Published in final edited form as: J Mater Chem B. 2019 Feb 13;7(11):1842–1846. doi: 10.1039/c8tb02276c

S100A9-targeted tobacco mosaic virus nanoparticles exhibit high specificity toward atherosclerotic lesions in ApoE−/− mice

Jooneon Park a,b, Huiyun Gao c, Yunmei Wang c, He Hu a,b, Daniel I Simon c,d, Nicole F Steinmetz a,b,e,f
PMCID: PMC7147689  NIHMSID: NIHMS1066839  PMID: 32255046

Abstract

We integrate a biocompatible plant virus-based nanotechnology (tobacco mosaic virus, TMV) with S100A9-targeting peptides for its application in imaging and diagnosis of atherosclerosis. S100A9-targeted TMV nanoparticles exhibit remarkable specificity to S100A9 and targeting of atherosclerosis lesions in ApoE−/− mice.

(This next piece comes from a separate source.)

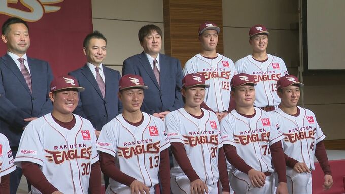 いわき市出身で、子どものころから楽天のファンだったという大栄選手。憧れのチームのユニフォームを身にまとい、プロでの活躍を誓いました。
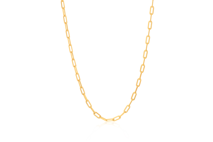 CORRENTE BANHADA EM OURO, ELO RABO DE RATO 1mm, 45cm COMPRIMENTO, EXTENSOR 5cm COMPRIMENTO E PESO 3,40g

Cardiovascular disease, including myocardial infarction and stroke, is one of the leading causes of death in developed countries (>500 000 deaths annually in the US alone), and it is the most common etiology for adult disability.1 One of the major underlying causes of cardiovascular diseases is atherosclerosis, in which plaques build up inside the arteries.1 Atherosclerosis development often remains asymptomatic until a clinical event such as heart attack or stroke occurs. Blood tests, body weight, and electrocardiograms indicate risk factors for atherosclerosis, but they are not directly indicative of the disease. Imaging approaches, including X-ray angiography,2 optical coherence tomography,3 and intravascular ultrasound4 can locate potential blockages within the arteries. Nevertheless, these techniques only detect luminal narrowing and intimamedia thickening, which do not lay a foundation for predicting atherosclerotic plaques with high risks. Plaque rupture and subsequent fatal cardiovascular events occur more often in vessels with mild-to-moderate luminal stenosis; the risk of a clinical event depends on the molecular composition of the lesion as opposed to plaque size and luminal stenosis.5 Therefore, direct characterization of the molecular composition of the plaques is required for accurate prediction of the likelihood of plaque rupture. Plaques can be differentiated as stable or vulnerable; the latter are characterized by increased infilteration of macrophages and T-cells (i.e., local inflammation) and thrombogenicity,58 and are prone to rupture. Only biopsy, followed by histological inspection, gives the molecular information needed for accurate diagnosis of plaques with high risks, but these methods are invasive and associated with significant risks. Therefore, there is a clinical need for non-invasive techniques to aid diagnosis of atherosclerosis.

To enable molecular targeting and high payload delivery of imaging agents, a number of bio/nanotechnologies have been developed; these include micelles,9,10 liposomes,11,12 and inorganic NPs,13,14 as well as protein and virus-based nanoparticles.1518 These systems have been engineered to target various molecular signatures of plaques, such as vascular cell adhesion molecule 1 (VCAM-1) and intracellular adhesion molecule 1 (ICAM-1).17,19 Since vulnerable plaques have macrophage rich cores, therefore molecular imaging strategies have also explored to target macrophage scavenger receptor 1 (MSR-1) and CD36.20

In this work, we set out to develop a plant virus-based imaging agent targeting S100A9 (a.k.a myeloid-related protein 14). S100A9 is secreted from neutrophils, monocytes, and platelets.21,22 Also, S100A9 was found in atherosclerotic lesions prone to rupture.22 It was identified as one of the strongest predictors of acute myocardial infarction using transcriptional profiling of platelets from patients with acute coronary syndromes.21 Histology and immunoassays of carotid plaques from patients revealed strong association of S100A9 with rupture-prone atherosclerotic lesions compared to stable ones.23 Therefore, S100A9 can be used as a biomarker, indicative of vulnerable (i.e., rupture-prone) plaques, for diagnosis of atherosclerosis with high risk factors.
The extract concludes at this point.